Ceph is among the most popular distributed storage systems for private clouds that seamlessly integrates with Kubernetes/OpenShift and OpenStack virtualization systems as a storage backend.

Ceph can be accessed through multiple interfaces, including:

object storage interface, called Rados Gateway (RGW), that supports Amazon S3 and OpenStack Swift protocols
block storage interface, called Rados Block Device (RBD), that can serve as OpenStack Cinder drop-in replacement or a generic SAN solution
filesystem interface, called CephFS, available through native CephFS Linux kernel drivers, NFS, FUSE or Samba gateway

2 primary backends are available in Ceph for providing data redundancy:

replication pools (the default option, upon which every piece of data is basically stored in 3 copies, distributed over the cluster for fault tolerance)
erasure-code pools (the cost-efficient option which splits each piece of data into k data chunks and m parity chunks, calculated using Reed-Solomon codes, and distributes them over the cluster in a fault-tolerant way)

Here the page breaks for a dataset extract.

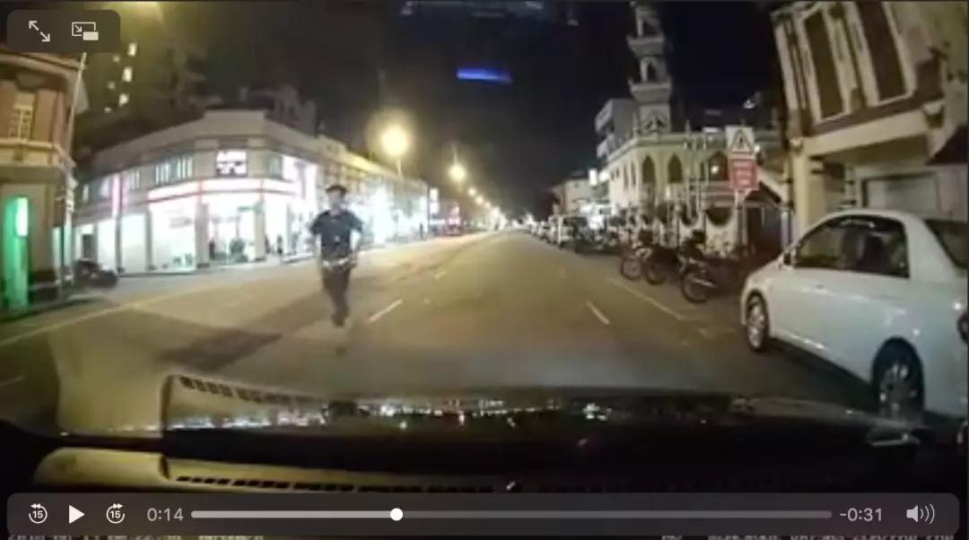 白衣男子深夜在芽笼路上狂奔撞车,行事诡异

The hierarchy of possible failure domains is modeled by a CRUSH algorithm.

Here I’ll describe the design of an installation that achieves almost 100GB/s throughput and 20PiB storage capacity.

A schematic design of Ceph cluster. 10 racks, 40 OSD servers, 5 MON servers, 40 disk enclosures, 4 leaf and 2 spine switches.

Technical requirements

Technical requirements for the storage system were as follows:

filesystem abstraction was highly desirable, so that our storage could be mounted directly from the hosts and accessed as a local filesystem
latency was not an issue, so supercomputing solutions like GPFS were not really necessary
throughput - around 100 GB/s: we had to build a system able to exchange ~5 Petabytes of data a day, being accessed by hundreds of compute nodes
storage capacity of at least 20PiB was required
usable/raw space ratio was important; by no means was this installation cheap, but we didn’t want it to get more costly than it had to be
Kubernetes integration that allowed to create volumes within our filesystem was a huge perk
fault tolerance to a simultaneous crash of several hard drives or several hosts was a must; electrical problems within a rack, or a room were a second-thought

Hardware

All the servers used in our setup were Dell R740xd rack server chassis with their nice iDRAC interfaces and convenient Dell OpenManage utility.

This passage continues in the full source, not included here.